_About this exercise_. All lines from the one that contains "На занятии дети" to the end of the data must be retyped exactly. Pictures are not retyped.

_Material provided_.
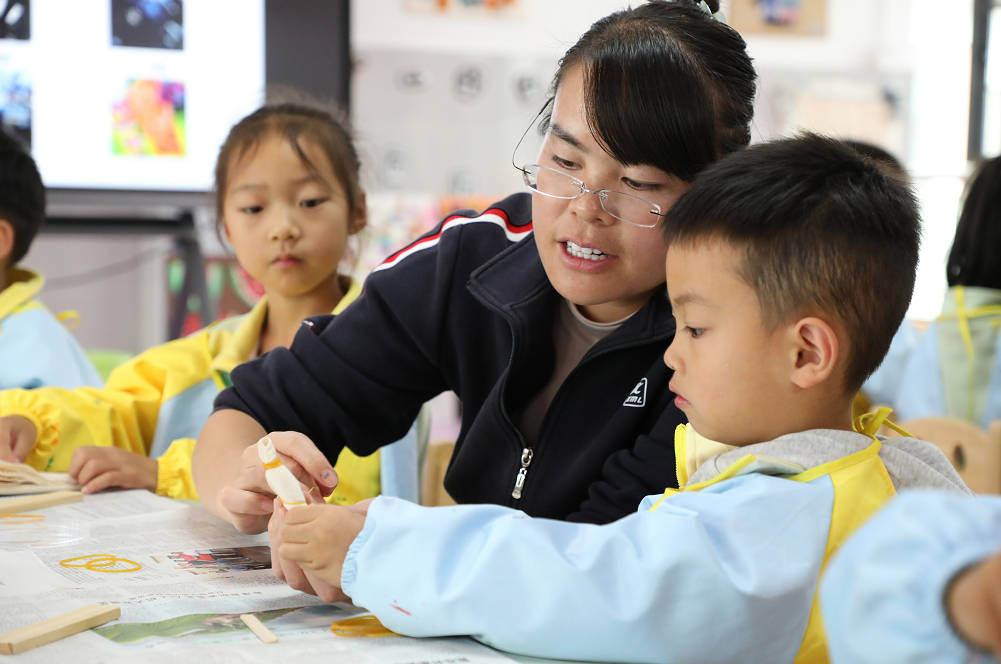 为把扎染活动搬进课堂,幼儿园特地邀请当地苗族扎染匠人对老师进行系统培训,孩子们也在不断实践探索中学习了不同的捆扎方法,逐步积累了图案和捆法之间的经验。当作品在阳光下展开,青白相间的纹路仿若山川脉络,映照出马龙大地的文化肌理,也悄然在幼小心灵播下文化传承的种子。
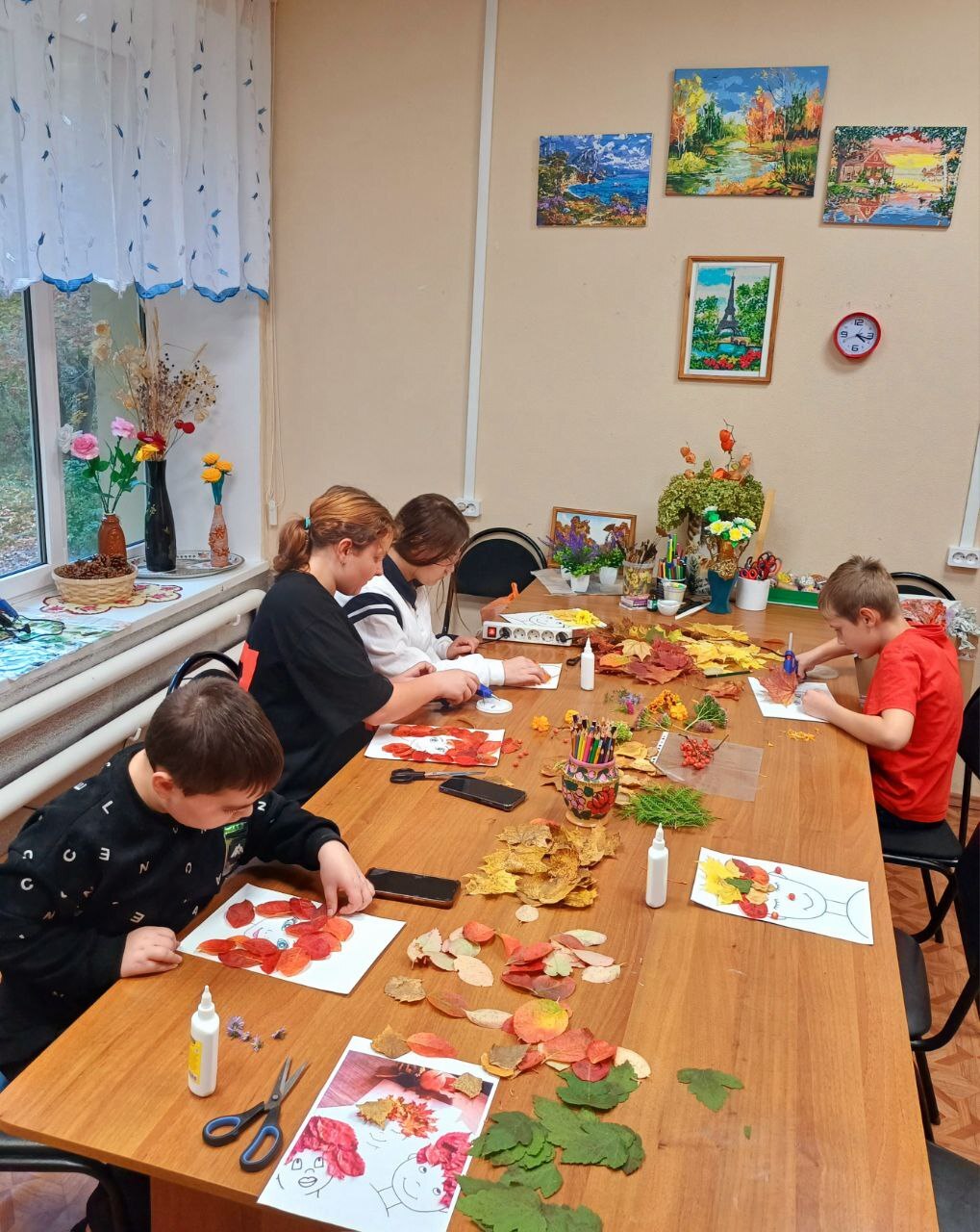 На занятии дети познакомились с профессией парикмахер и представив себя в этой роли, выполнили аппликации из сухих осенних листьев в виде креативных причёсок.
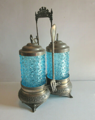 Title (ebay affiliate link): Victorian Blue Daisy & Button Glass Double Pickle Castor Middletown Plate Co

_Output for this task_.
 На занятии дети познакомились с профессией парикмахер и представив себя в этой роли, выполнили аппликации из сухих осенних листьев в виде креативных причёсок.
 Title (ebay affiliate link): Victorian Blue Daisy & Button Glass Double Pickle Castor Middletown Plate Co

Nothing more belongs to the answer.